Page 1235 - Week 04 - Tuesday, 23 March 2010

Next page . . . . Previous page . . . . Speeches . . . . Contents . . . . Debates(HTML) . . . . PDF . . . . Video


Second, the bill gives the executive a regulation-making power to enable modifications to the ACT law during the transitionary phase of the project.

Third, the bill amends the ACT’s personal property securities law, in accordance with the commonwealth law, to allow the ACT to exclude certain types of property from the new scheme. Examples are liquor licences and permits that are not intended to be used for securing financing. Another is minerals licences, which operate in conjunction with territory leases.

The fourth change that this bill introduces, again allowed by a commonwealth law, is provisions that enable the ACT to declare certain statutory interests, such as statutory liens, as having special priorities.

This bill is drafted in concert with all states and territories and the commonwealth under the terms of the intergovernmental agreement on personal property securities. All jurisdictions are signatories to that agreement.

Importantly, this bill does not impact on real property, such as land and houses. The current system of registering financing interests in which those kinds of assets are offered as security will continue. But it does mean that all of the personal property security registers maintained by the states and territories will be merged into a single, national, online register. This includes bills of sale and similar instruments.
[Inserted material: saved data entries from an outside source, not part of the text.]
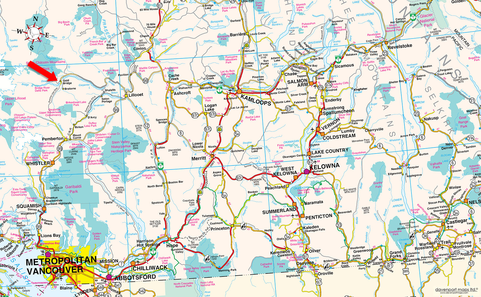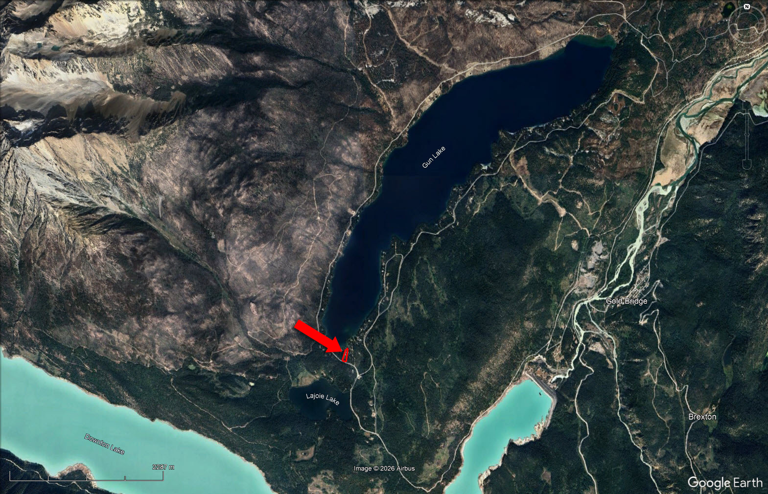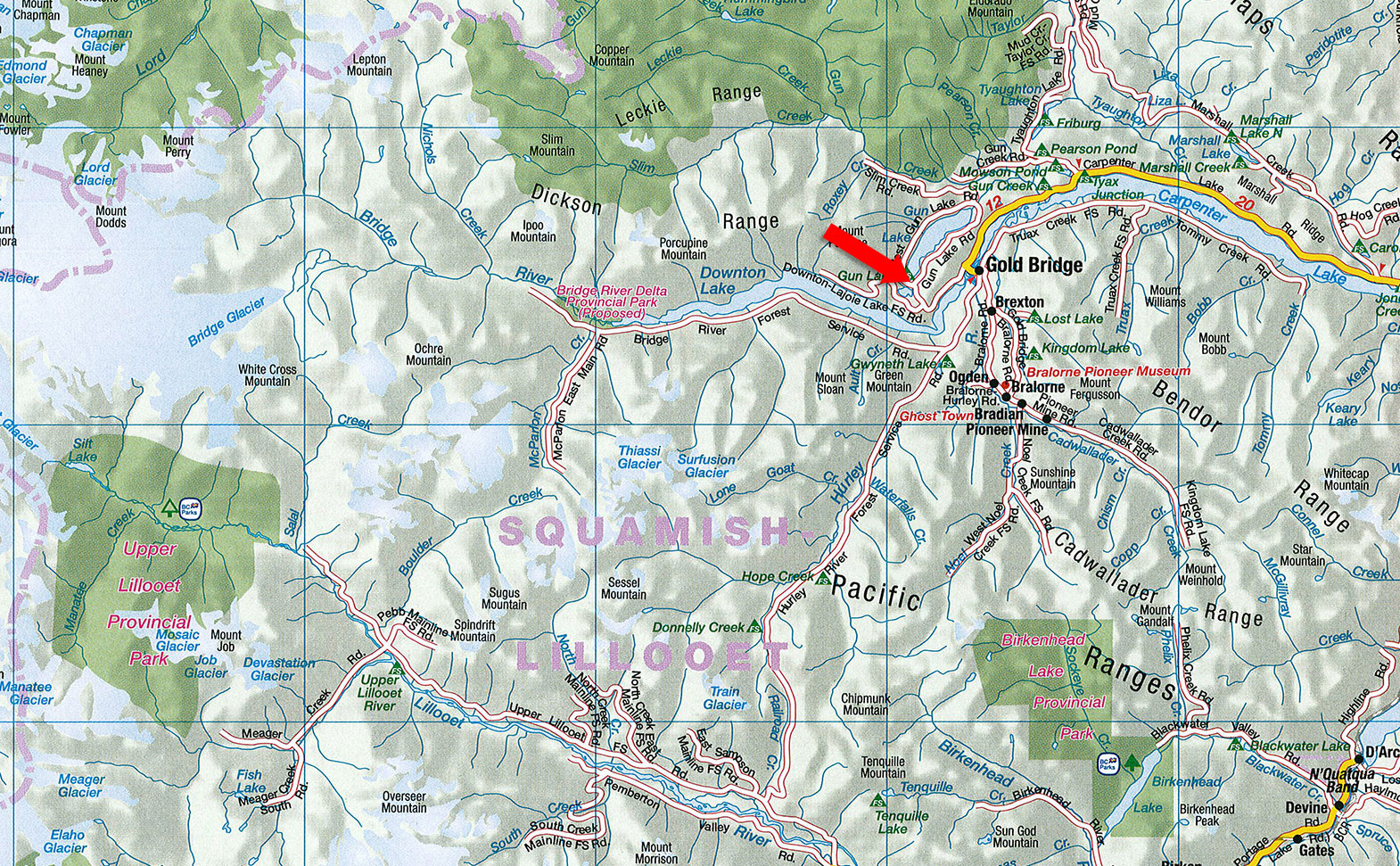 Head on Main Street for approximately 1.0 km, then turn onto Moha Road (which merges into Bridge River Road/Lillooet-Pioneer Road) and follow it for 4.5 km. Keep on Lillooet Pioneer Road 40/Carpenter Lake Road and follow it for the next 98 km (77.7 km + 20.3 km). Finally, transition onto Gun Lake Road W and continue for 7.1 km to arrive at the property.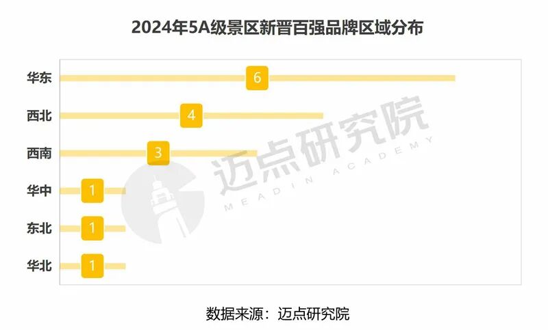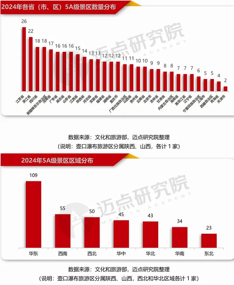 全国5A级景区的区域分布:华东地区的5A级景区最为密集,突破100家,达到109家;其次是西南和西北区域,分别为55家、50家;华中和华北均超40家、华南地区34家;东北地区23家,数量最少。
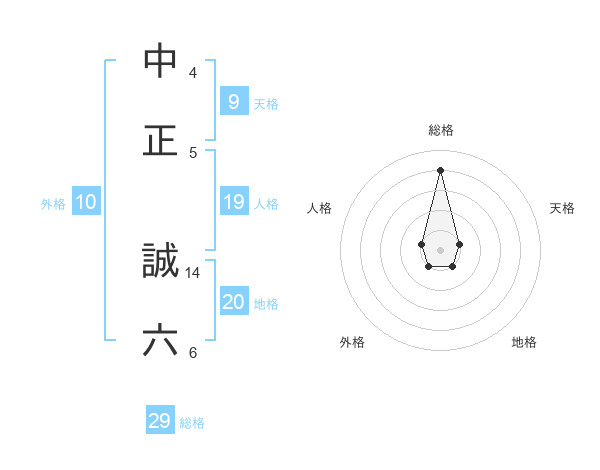 中正 誠六さんの総格は29画の4点!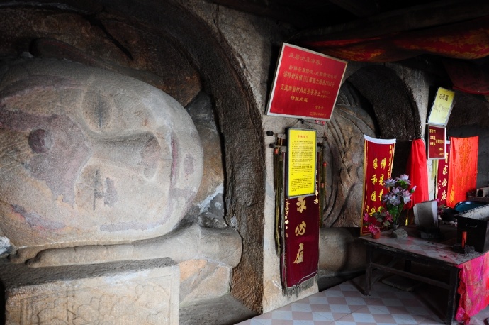 卧佛寺,原名摩崖石刻、岱顶、五层楼,是由凌空盘旋在悬崖峭壁上的五层转角楼而得名,它始建于唐朝武德初年(即公元618年)。卧佛得名来自底层的如来佛,他以石壁雕凿而成,侧躺在四拱石洞之中,身长十三米多,为全国室内四大石佛之一。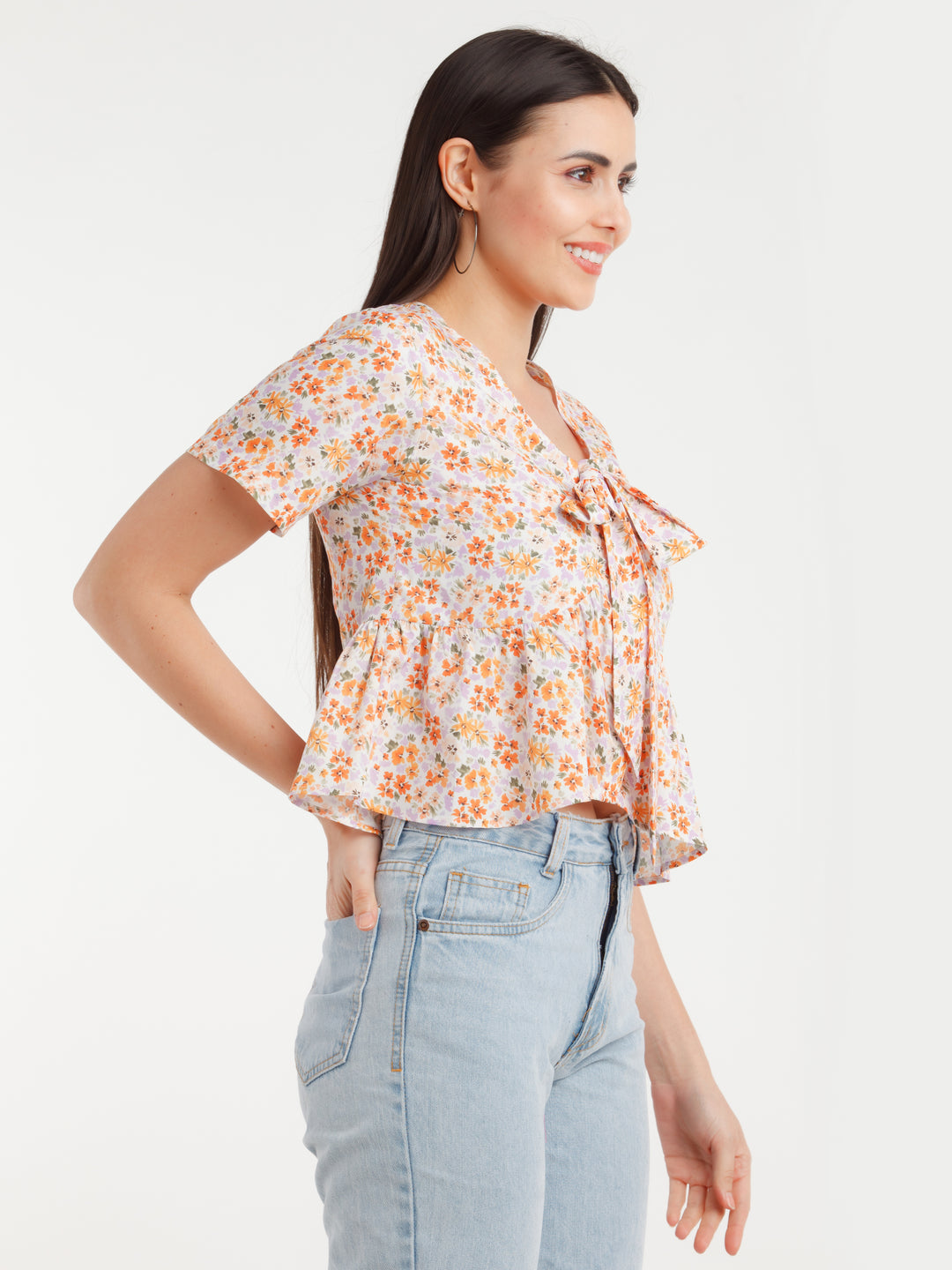 Black & Baby Pink Floral Print Ruffled Sleeves Top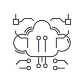 wektor pamięci masowej w chmurze z koncepcji sztucznej inteligencji. Cienka ilustracja chmury pamięci masowej edytowalnego skoku. liniowy znak pamięci masowej w chmurze do stosowania w aplikacjach internetowych i mobilnych, logo, mediach drukowanych.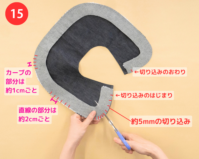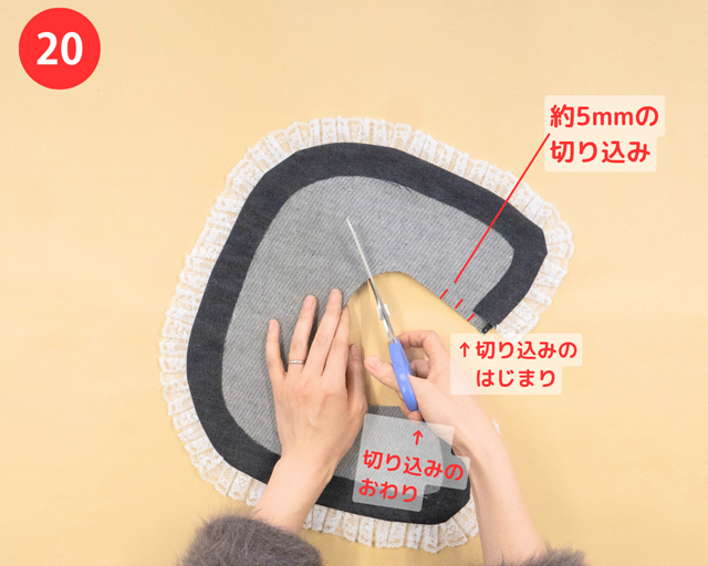 切り込みをいれると、㉒で首の部分をつくるときに、きれいなカーブをつくれるよ!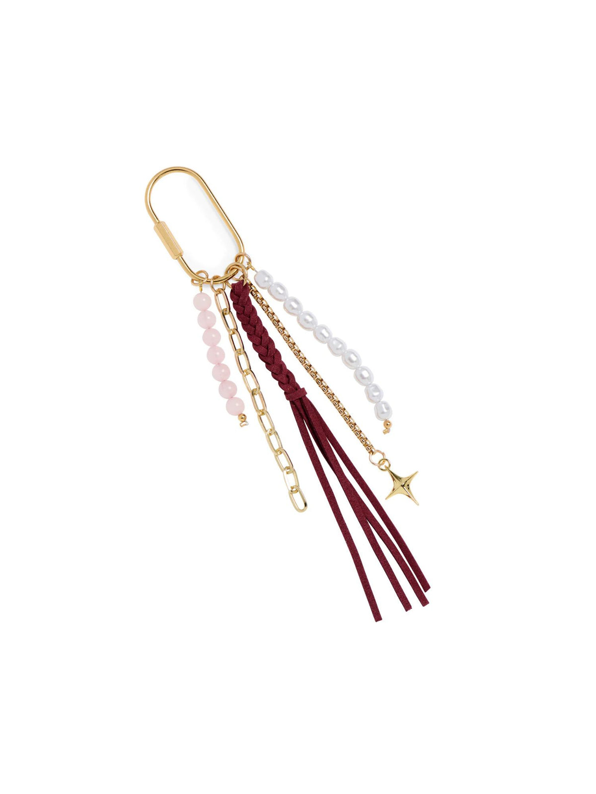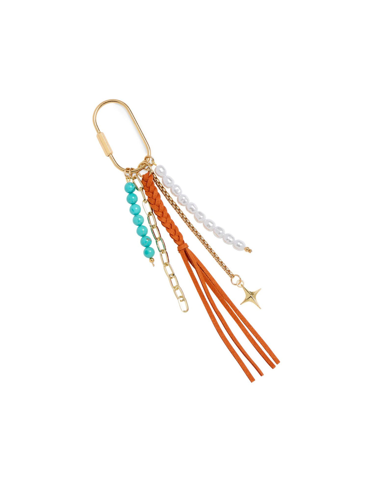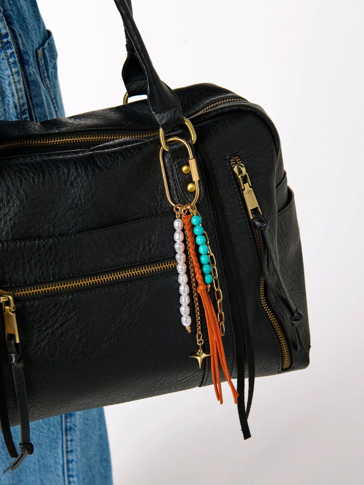 Transform your tote into a conversation starter with our Tassel Bag Charm. This whimsical accessory blends faux suede fringe, lustrous pearls, and stone beads with polished gold-tone chains for a textured, eye-catching look. The oversized clasp clips effortlessly onto bags or keychains, letting you swap styles whenever the mood strikes. Choose from multiple colors to match your vibe and add that perfect pop of personality to your everyday carry.

It is worth noting that the ACT currently has an agreement with the New South Wales government to list all encumbered ACT vehicles on the New South Wales register. This means that the listing process for this register will transfer relatively simply to the commonwealth’s system and may even save the territory some money.

Normally, with reforms of this nature, there are a range of transitional provisions. For example, finance agreements executed before the new national law comes into effect will continue to be governed by ACT law. This will continue, even after the commonwealth law comes into effect, so that the law governing finance agreements remains unchanged during the life of those agreements.

I earlier mentioned that one of the elements of this bill is the provision that hands to the executive the transitional regulation-making powers. These powers, which are quite broad, go to the level of, in effect, amending ACT laws.

The scrutiny of bills committee went further, noting that the effect is to “restrain the power of the Assembly to enact laws”. Notwithstanding that regulations are disallowable, there is some merit in its caution. The disallowable nature of regulations is, to all intents and purposes, changing a law after it comes into effect—that is, after the regulation has been made and introduced. The power of the Assembly to enact laws is exactly that: the power to bring laws into being. That is what good governance of the territory should entail. To hand that power to the executive is to strip the Assembly of its reason for being.

In his response to the scrutiny committee, the attorney said that the regulation-making power is “to allow the ACT to participate meaningfully in the national reform project”.